For most people, paying the rent on time is one of their most important financial priorities. Fall into arrears and you can get evicted. Yet it has been reported that Prince Andrew hasn’t paid rent on the ‘Royal Lodge’, the huge mansion where he lives, for more than 20 years. How does he get away with it?
The answer is, while he rents the Royal Lodge from the Crown Estate, his lease is quite different to the assured shorthold tenancies that are common for most private sector tenants.
Instead of paying a substantial rent each month, most of the costs of his lease were paid up front in 2003: £1 million in cash together with an agreement to fund repairs and renovations which eventually cost £7.5 million. In return for this he has the right to live there until 15 June 2078.
He does still have to pay rent but this is symbolic or “nominal” rent. The reason for this is that English law thinks both sides need to get something out of an agreement for it to be legally binding, even if what one side is getting is just symbolic.
In Andrew’s case the nominal rent is “one peppercorn”. Why not £1? The answer to this is historic.
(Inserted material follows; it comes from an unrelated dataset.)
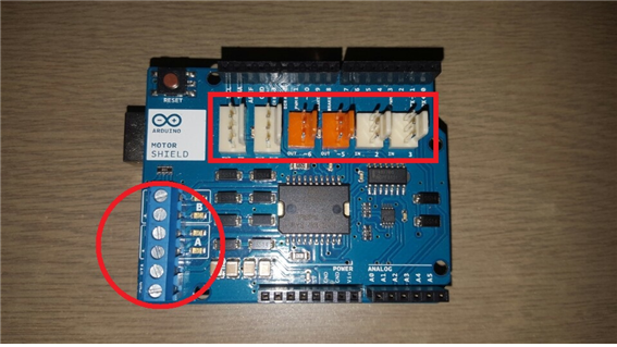 DC모터, 스태핑모터, 서보모터 등을 제어하기 위해서 사용하는 모터쉴드로 L298칩을 이용해서 만들어져있다. 서보모터 같은 경우 아래의 네모 친 부분을 통해서 제어가 가능하며, 스태핑모터와 DC모터 같은 경우 동그라미 친 곳을 통해서 제어가 가능하다.
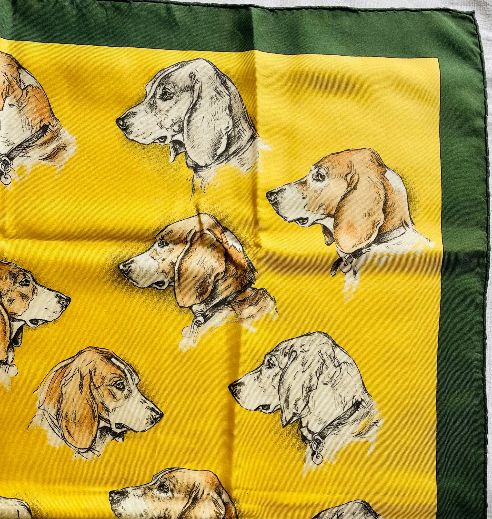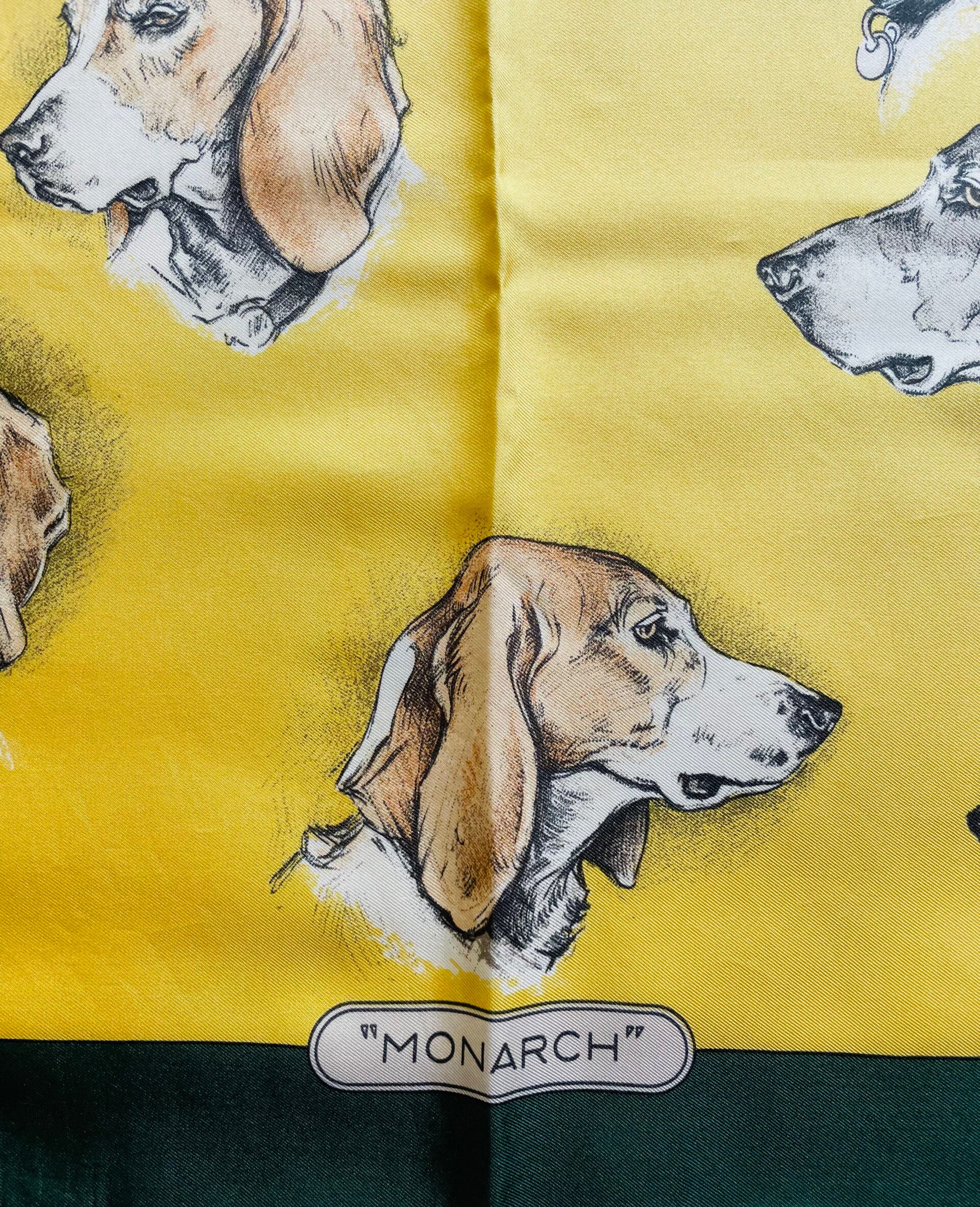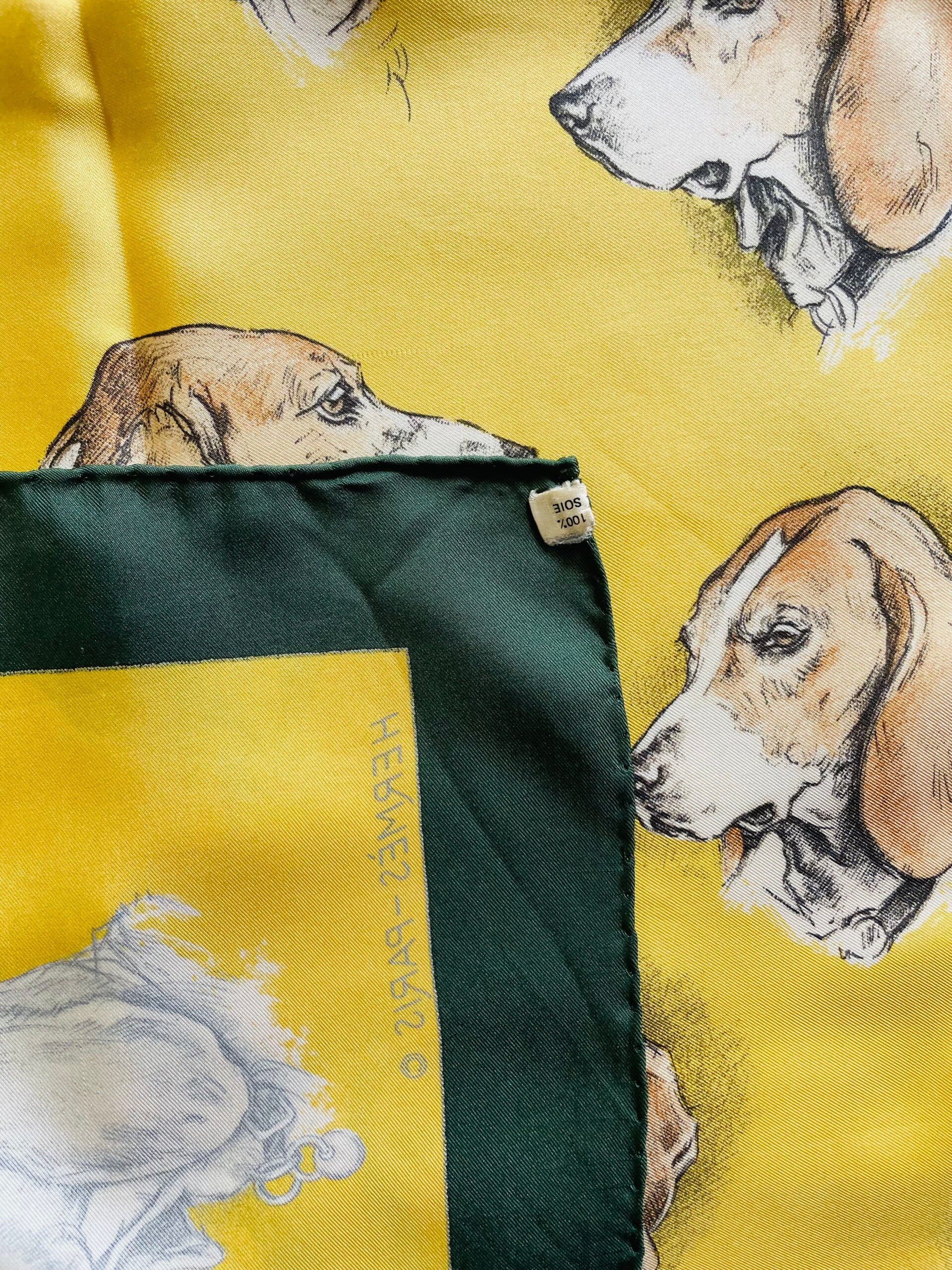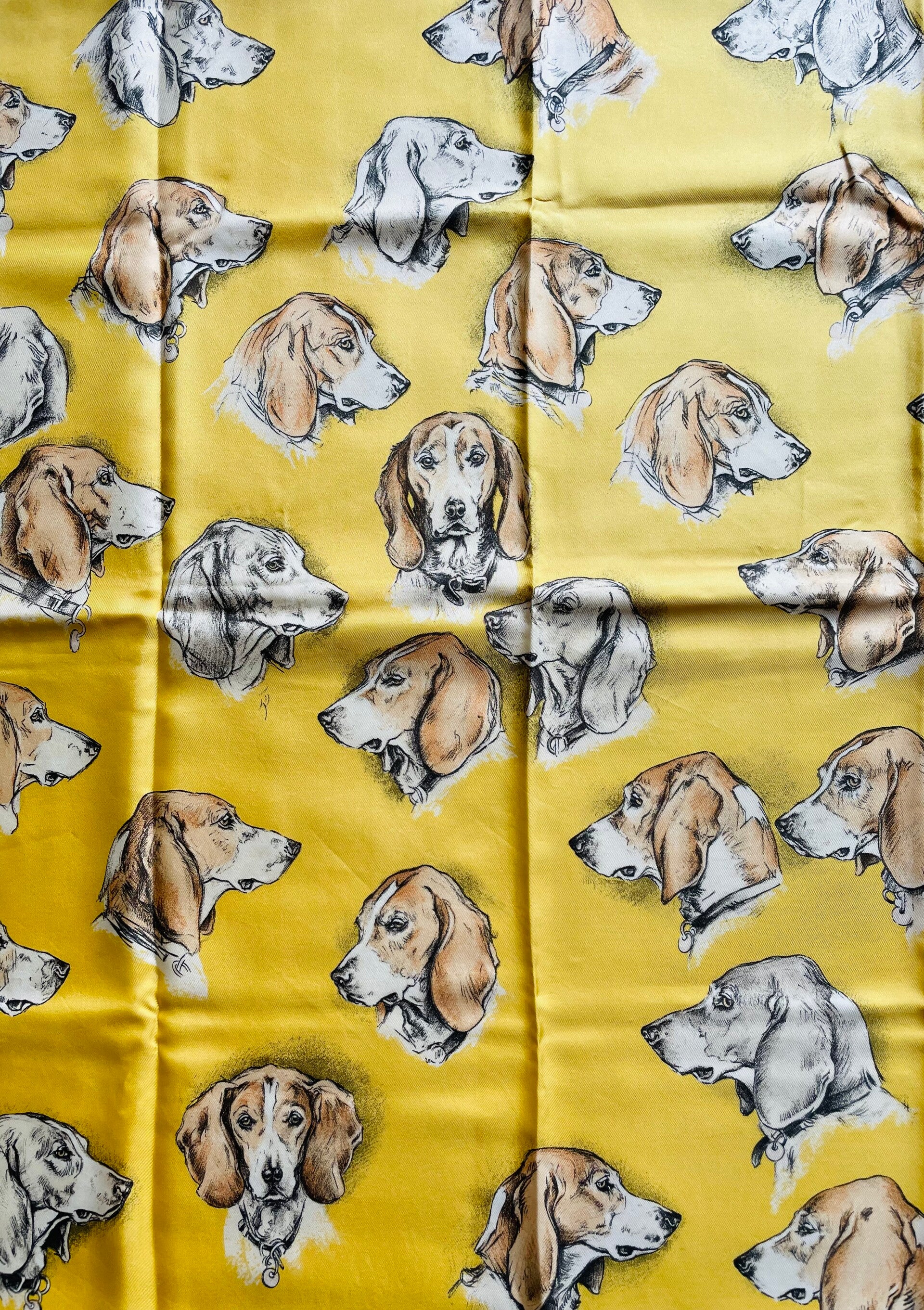 In silk twill with hand-rolled edges, it is available on a bright yellow background with fir green borders and represents beagle dog heads.

In the Middle Ages tenants often had to pay their rent in goods rather than money (e.g. providing grain, cows or beer). So when people looked for a symbolic item they chose the least valuable item they could think of: a peppercorn.
Both peppercorn rents and these long leases, sometimes called leaseholds, have long been common in commercial and higher-value property. Leasehold has also been used by property developers for normal homes in more recent decades, where abuses of the system involving the charge of substantial rather than symbolic rents has resulted in various legal reforms.